I Remember the first time wind power emerged as a serious competitor in the UK’s energy provision. It was November 6, 2012, and the country’s electricity use from wind reached an all-time high in the middle of the afternoon, at 9.3%. The passing observer did not notice, and the expert was not surprised, but for people between these two poles, it was startling. Then, wind farms were seen as a nascent technology, so kids and speculators needed endless support, intervention, and special advocacy.
To this day, it remains a mystery how the reputation for bona fide shortages sticks to renewables: It can’t all be the result of pressure from the fossil fuel industry. Sometimes, it feels like we don’t want good news.

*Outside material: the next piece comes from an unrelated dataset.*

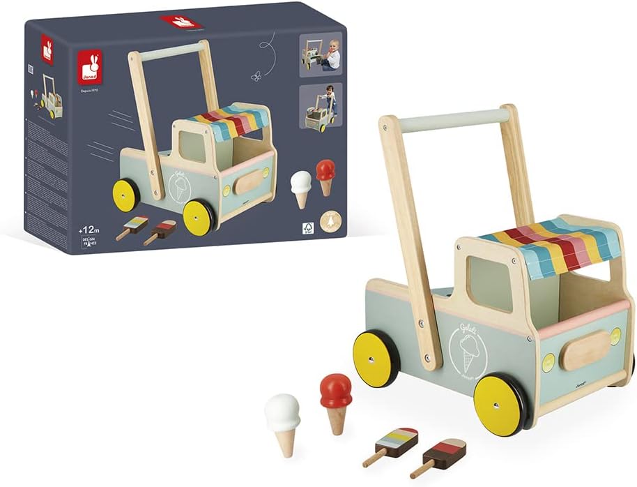 Janod - Eiswagen-Lauflernhilfe aus Holz - 4 Eissorten - Leise Räder - Kippschutzsystem - FSC-zertifi

Last week, for two days in a row, wind power peaked at supplying more than half of the UK’s electricity use. For five months last year, low-carbon electricity sources (solar, wind, hydrogen, and nuclear) accounted for more than 50% of the country’s energy use. Incredibly, the national grid spends hundreds of millions to billions a year to cap power supply, i.e. pay renewable energy suppliers when they generate too much power for the grid to handle.
It’s one victory after another in green energy, but you wouldn’t know it if you looked at our bills, nor at our policy framework in the short and medium term. Prices for power units in the UK are the highest in the world. Without government intervention to cap prices, businesses would already be bankrupt, schools would probably close and people would freeze at home. Jeremy Hunt’s pledge to withdraw the price cap from next April sounds fanciful: sure, the words coming out of his mouth make sense – prices can’t be suspended forever because they won’t be “responsible”. But there is no imaginable reality in which the average family can weather the “unlimited fluctuations in international gas prices” to which he refers.
Meanwhile, research by Nesta, the innovation organization, has shown that if we hit the offshore wind target set by the government’s energy security strategy — 50 gigawatts by 2030 — then on a perfect windy day, that alone would save almost twice as much energy as we do. . Use, before you even take into account the onshore and solar energy. There is a real possibility of cheap, boundless energy, sometimes, with windless days covered, ideally, by nuclear power as an alternative.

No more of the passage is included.